Abenteuerliche Verhältnisse

Im Laufe der Jahrhunderte hat der Stadtturm einiges erlebt und würde, wenn er könnte, viel erzählen. So zum Beispiel von dem verheerenden Feuer 1684 oder dem Schwedenkrieg 1633. Fünf Geschosse zählten die Besucher, welche die engen und steilen Stiegen emporkletterten. Angefangen im ersten Stock, wo sich die mittlerweile zugemauerten Durchgänge zur Stadtmauer befinden, über den zweiten Stock, dem ehemaligen Sandboden, und dem dritten Stock, dem Holzboden, ging es weiter nach oben in den vierten Stock, in welchem sich die Kinderzimmer der ehemaligen Türmerwohnung befanden. Die Aufgabe des Türmers war, die Stadt vor Feuer zu bewahren, indem er beim geringsten Anzeichen eines Brandes mittels einer Trompete Alarm schlug. Es heißt, dass die Türmer, bevor sie eingestellt wurden, ihre Fähigkeiten an der Trompete unter Beweis stellen mussten. Weiter oben waren Wohnraum, das Elternschlafzimmer sowie die Küche untergebracht.
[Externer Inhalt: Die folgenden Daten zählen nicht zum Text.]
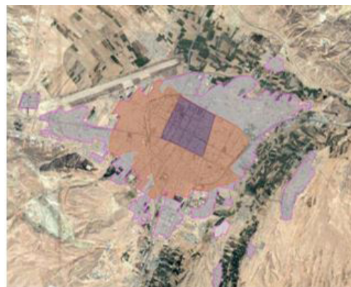
شکل ۱. الگوی کلی روند گسترش شهر بجنورد
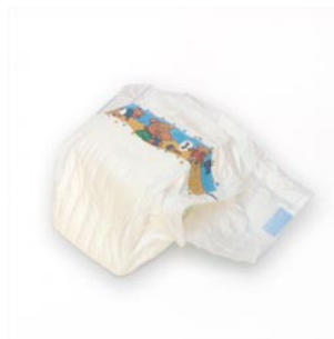
5 de luijer
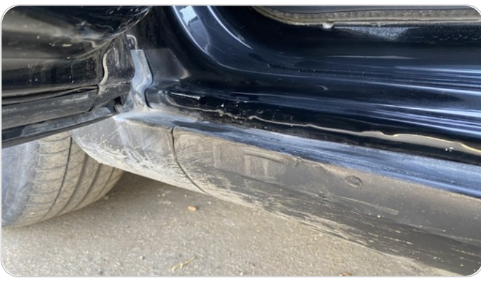
العتب السفلي شمال : فبريكة (سمكره على البارد)
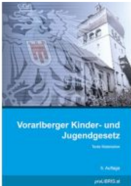
Vorarlberger Kinder- und Jugendgesetz Ladenpreis: 20,00EUR

Wir haben andere Produkte gefunden, die Ihnen gefallen könnten!

Eine Toilette, wie wir sie heute kennen, gab es nicht, nur ein Plumpsklo war außerhalb für die notwendigen Bedürfnisse vorhanden. „Das muss man sich vorstellen: Wenn man mal in der Nacht musste, hieß das, all die engen Stiegen hinunter und wieder hinauf. Und das noch im Winter, wo es draußen kalt war.“ Kein wahres Vergnügen.

„Das ist ein Stück Zeitgeschichte.“
Hermann Hacker, KIS-Vorsitzender

Nach dem Zweiten Weltkrieg wurden dort bis in die 60-er Jahre Flüchtlinge einquartiert. Fließendes Wasser oder eine Heizung gab es nicht. Es zog überall, und der Turm mit all dem Holz knarzte und knackte. Es waren abenteuerliche Verhältnisse, aber Not machte eben erfinderisch. Einige der Räume, die sich noch in dem Zustand befinden, in welchem sie von den letzten „Mietern“ verlassen wurden, werden heute von der KIS als Ausstellungsräume genutzt. „Wir werden diesen Zustand auch nicht verändern“, so Hacker. „Das ist ein Stück Zeitgeschichte. Und dieses sollte so erhalten bleiben.“

„Tag des offenen Denkmals“ im Landkreis Lichtenfels
Hermann Hacker (mi.) erklärt in der Alten Darre die Bauweise des Dachstuhls. Foto: Werner Diefenthal

Großes Interesse fand bei den Besuchern der Dachstuhl und die Zimmermannsarbeiten. Man betrachtete die Passungen der Balken und wie sie verzapft waren. „Das Problem ist, dass wir immer darauf achten müssen, alle Luken geschlossen zu halten“, so Hacker weiter. „Bereits früher brüteten unterm Dach Tauben, auch Dachfalken und Dohlen fanden hier eine Heimat“, fügte er an, als die Besucher langsam wieder zu Atem kamen. Doch der Blick aus den schmalen Fenstern hoch über der Stadt entschädigte für die Mühen der Treppen, die man erklimmen musste.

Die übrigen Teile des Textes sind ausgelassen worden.